Wastage, Losses, Theft, and Inefficiencies
Wastage, losses, theft, and inefficiencies are key contributors to "shrinkage," defined as the discrepancy between actual inventory and recorded inventory. These issues result in significant financial losses, strain on resources, increased operational costs, and negative environmental and societal impacts across various industries. In fact, expired goods, damaged products, employee theft, operational mistakes, or system inefficiencies all reduce what a company finally earns.
Reinvestment and Long-Term Strategy
Reinvestment and long-term strategy are also part of the factor influencing why the profit of a company is low despite reporting high net sales. They are fundamentally linked concepts in both business and personal finance that focus on deferring immediate gratification to foster sustained, exponential growth through the power of compounding.

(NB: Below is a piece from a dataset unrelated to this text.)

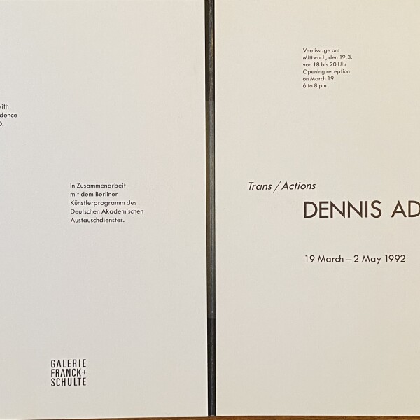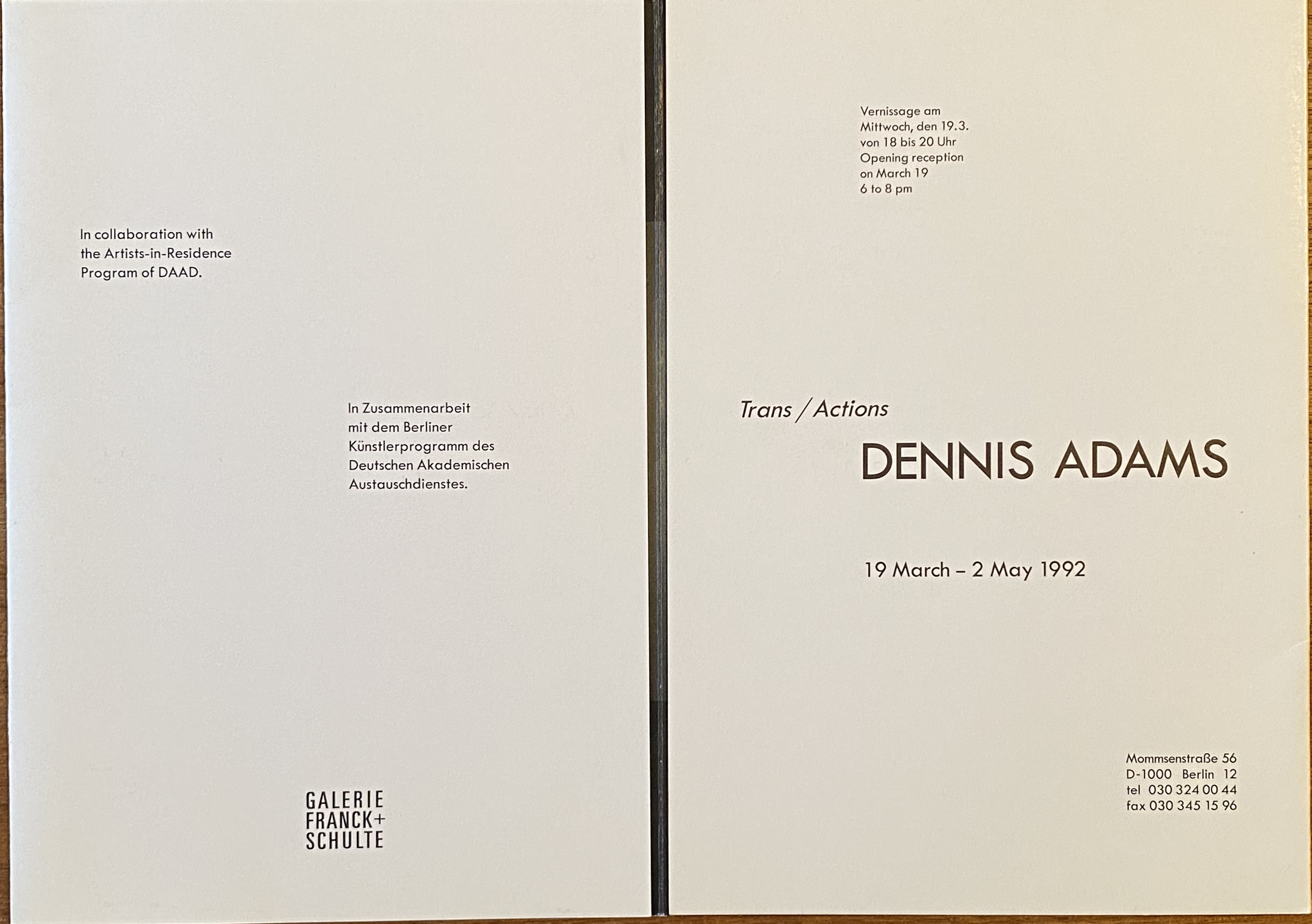 Dennis Adams. Trans/Actions. Galerie Franck + Schulte, Berlin, 19 March – 2 May 1992

Some companies choose to reinvest earnings into expansion, new stores, better pricing, or customer benefits instead of showing high profit. This makes the business stronger in the long run but keeps short-term profit low.
Final Notes
Cost of goods sold (COGS), thin profit margins, high operating expenses, logistics and distribution costs, marketing and customer acquisition costs, technology and infrastructure investment, loan interest and debt repayment, taxes and government charges, wastage, losses, theft, and inefficiencies, and reinvestment and long-term strategy are the major reasons a company's profit can be low even when net sales are high. It is important to note that net sales are calculated after removing sales-related deductions only, such as discounts, returns, and refunds, but they do not account for operating and business expenses, which is why high net sales do not automatically translate into high profit.